Cybersecurity researchers at Group-IB have uncovered a sophisticated hybrid cyberattack orchestrated by the notorious UNC2891 (LightBasin) threat group. The attackers employed an innovative approach using a Raspberry Pi single-board computer equipped with a 4G module to establish a covert access channel into a banking institution’s internal network, successfully bypassing all perimeter security defenses.
Physical Access Leads to Network Compromise
The attack began with threat actors gaining physical access to a bank branch, either through direct infiltration or with assistance from an insider threat. The Raspberry Pi device with 4G connectivity was strategically connected to the same network switch as an ATM, creating a persistent communication channel to the bank’s internal infrastructure while circumventing traditional firewall protections.
Security analysts discovered that the attackers had deployed the TinyShell backdoor on the single-board computer, enabling remote command and control capabilities through the mobile network. This technique allowed the cybercriminals to maintain persistent access and conduct lateral movement across various banking systems without detection.
Advanced Evasion Techniques and Anti-Forensics
The LightBasin group demonstrated exceptional technical sophistication by implementing several advanced stealth methodologies. Their malicious backdoors were cleverly named lightdm to masquerade as legitimate Linux LightDM display manager processes, making detection significantly more challenging.
Particularly noteworthy was the threat actors’ use of alternative filesystem mounting techniques, utilizing tmpfs and ext4 filesystems over /proc/[pid] paths of malicious processes. This anti-forensic method effectively concealed metadata from digital investigation tools, substantially complicating incident response efforts and malware analysis procedures.
LightBasin Group: A Persistent Financial Sector Threat
The UNC2891 group, also known as LightBasin, has maintained active operations since 2016, primarily targeting financial institutions worldwide. In 2022, Mandiant researchers identified the group’s custom-developed Caketap Unix rootkit, specifically engineered to operate on Oracle Solaris systems within banking environments.
Caketap’s primary function involves intercepting sensitive banking card data and PIN codes from compromised ATM servers. The rootkit specifically targets communications destined for Payment Hardware Security Modules (HSMs) – specialized hardware devices responsible for cryptographic key generation and management in financial transactions.

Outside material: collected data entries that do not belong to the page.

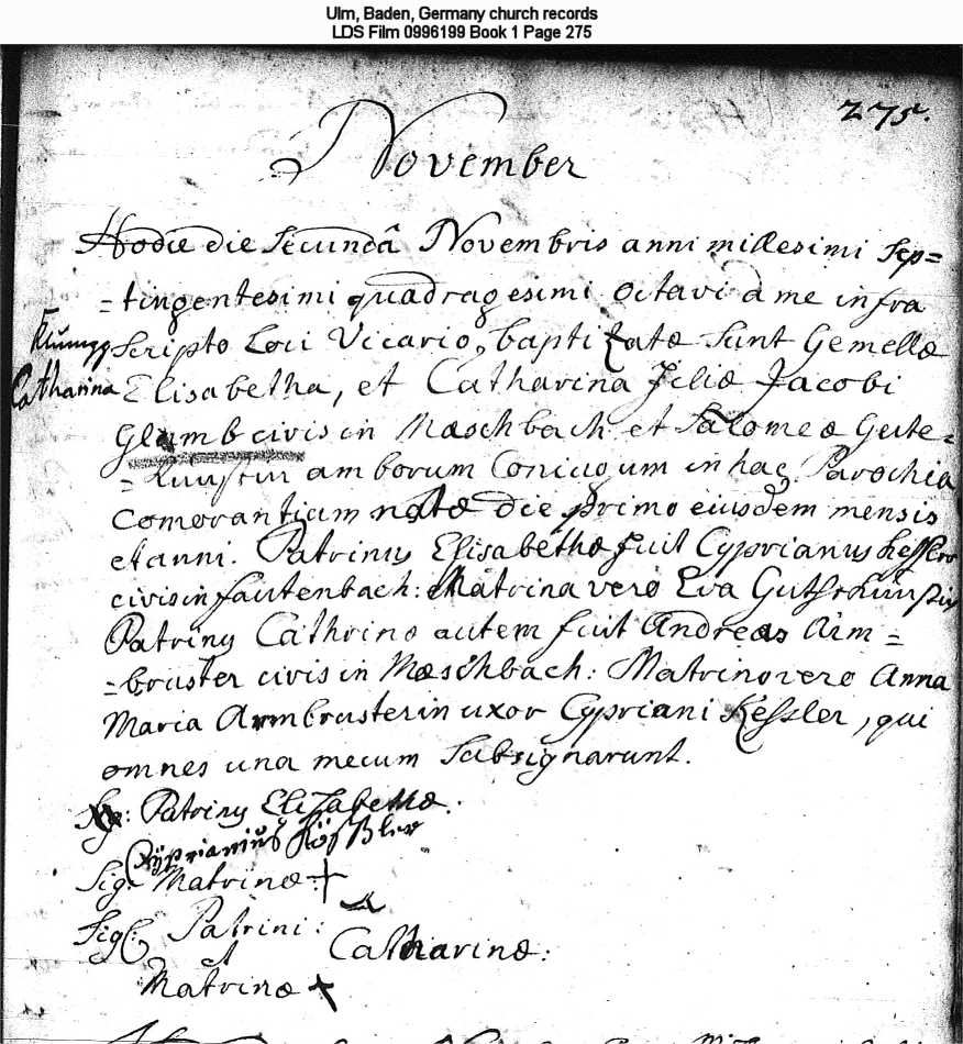 Ulm, Baden, Germany church records LDS Film 0996199 Book 1 Page 275 Twins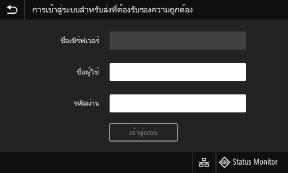 เมื่อตั้งค่าการส่งที่ผ่านการรับรองความถูกต้อง (LDAP Server Authentication) ไว้ หน้าจอเข้าสู่ระบบสำหรับการส่งที่ผ่านการรับรองความถูกต้องจะแสดงขึ้นเมื่อดำเนินการสแกนหรือส่งแฟกซ์ ใส่ชื่อผู้ใช้หรือรหัสผ่านที่ได้รับการจัดการด้วยเซิร์ฟเวอร์ LDAP เพื่อเข้าสู่ระบบ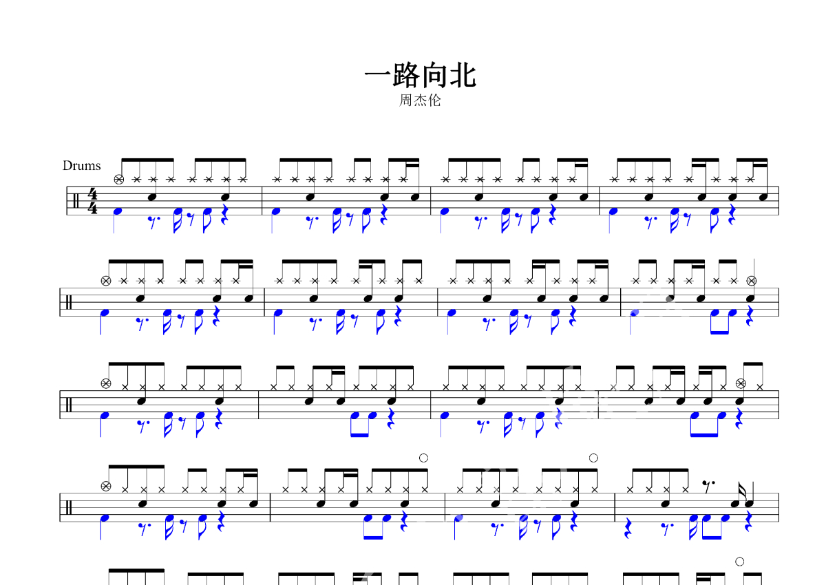 《一路向北》是周杰伦演唱的一首歌曲,这份鼓谱共有两张高清图谱,图谱由 @玉帝哥哥 编配上传,图谱使用五线谱编配,使用这份一路向北架子鼓谱,你将能够轻松地敲打出这首周杰伦的一路向北,快来尝试吧。《一路向北》是周杰伦演唱的一首歌曲,由周杰伦作曲,方文山作词,蔡科俊编曲。该歌曲是周杰伦主演的电影《头文字D》的插曲,于2005年6月24日随“JⅢ”MP3随身听的推出而发行,最早收录于周杰伦在2005年8月在日本发行的精选集《InitialJ》中,后收录于周杰伦在2005年11月发行的专辑《十一月的萧邦》中。2006年,该歌曲获得了第六届百事音乐风云榜颁奖盛典最佳影视歌曲提名。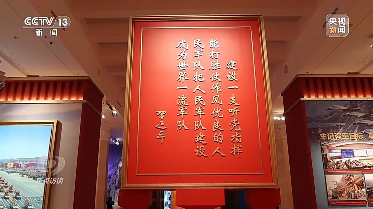 新时代国防和军队建设成就展上,1400多件文物实物、630多张照片、90多型套武器装备模型,向观众述说了十年间新时代国防和军队建设成就。十年,我们的强国强军梦想,正在大跨步地实现。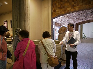 ガイドさんの案内でまずは館内を見学しました。これは風呂桶より大きな「茶碗」です。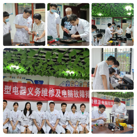 设备维修,排除故障,很便民。医学技术系“双带头人”党支部书记钟伟雄带领智能医疗装备技术专业的师生,利用专门维修设备,为社区居民检修打印机、体温测量仪、话筒、排插、电磁炉等日常办公和生活家电。精湛的维修技术让一个个小故障迎刃而解,“这些学生们很专业很厉害呀”,社区大姐满意地点赞。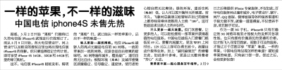 这不,电信版iPhone4S刚刚发布,精明的“果粉”们,就已经从一样的苹果中,品出不一样的味道--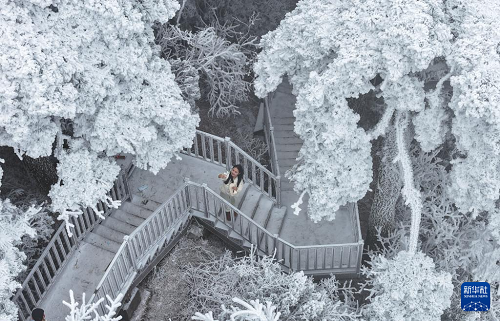 1月22日,游客在湖南省衡陽市南岳衡山風(fēng)景區(qū)賞景游玩。(新華社發(fā) 曹正平 攝)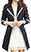 Uget Women's Elegant Long Trench Coat Jacket with Belt Black L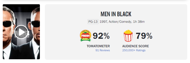 또한 로튼토마토 지수는 92%로 상당히 신선하다는 평을 받았습니다. 관람객 평점 또한 높았습니다. 토미 리 존스와 윌 스미스의 나이차이도 꽤 될텐데 영화에서 꽤나 잘어울리는 콤비의 모습을 보여주었습니다. 특히 윌스미스의 경우 인디펜던스에 이어 연달아 영화에 성공하며 배우로서의 입지가 TOP으로 올라갔습니다. 그 이후 윌스미스는 영화 부문 기록을 세우게 되는데 2002년 맨인블랙 2에서부터 2008년 핸콕까지 본인 주연작 8편 모두 북미 박스오피스 1억불 돌파한 최초이자 유일한 배우로 기록되고 있습니다.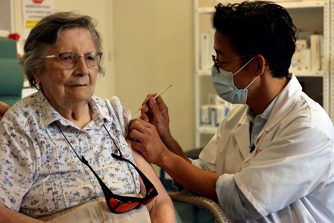 Une personne âgée reçoit sa troisième dose de vaccin Pfizer-BioNtech, le 13 septembre à Paris. Photo : AFP/VNA/CVN |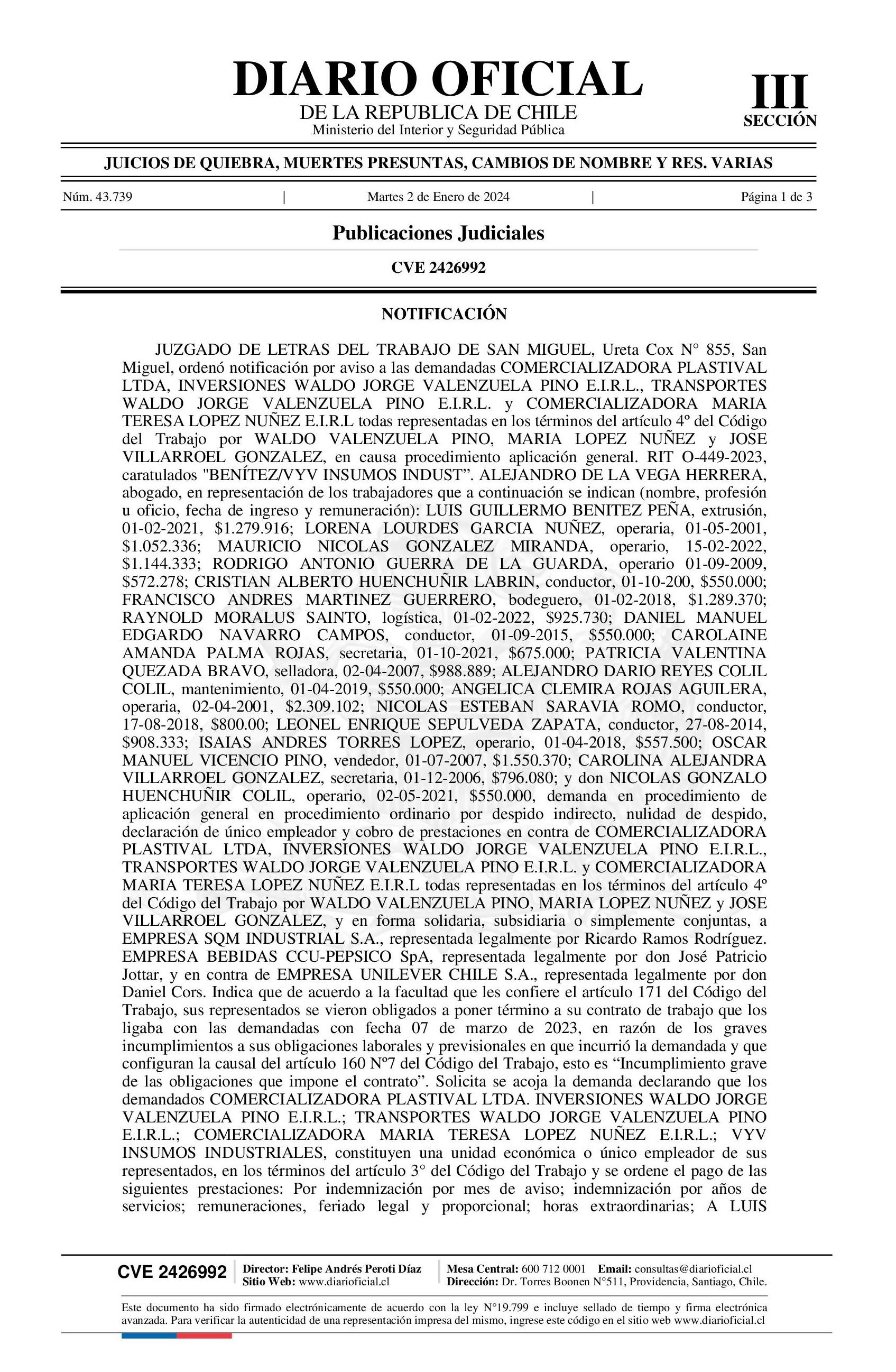 Diario Oficial Edición Electrónica (Diario Oficial de Chile - 3 Public. Judiciales)

Network Infiltration and Lateral Movement Strategy
Following initial network access through the Raspberry Pi implant, the attackers systematically traversed the bank’s infrastructure using established lateral movement techniques. Their first intermediate target was a network monitoring server that provided enhanced connectivity to the banking data center environment.
Subsequently, the threat actors compromised an email server with direct internet connectivity, establishing an alternative command and control channel. This redundancy ensured continued network presence even after security teams discovered and removed the original Raspberry Pi access point.
Attack Objectives and Security Response
The ultimate goal of this sophisticated campaign was deploying the Caketap rootkit to enable ATM authorization spoofing and facilitate unauthorized cash withdrawal operations. However, the attackers’ plans were thwarted by prompt detection and response from the bank’s cybersecurity team, who identified suspicious network activity before significant financial damage occurred.
This incident represents a rare example of an advanced persistent threat combining physical infiltration with remote access capabilities. The creative use of consumer-grade hardware like Raspberry Pi demonstrates the evolving ingenuity of cybercriminals and highlights critical gaps in traditional security models. Financial institutions must implement comprehensive defense strategies that address both digital and physical security vectors, including strict access controls, network segmentation, and continuous monitoring of all connected devices within their infrastructure.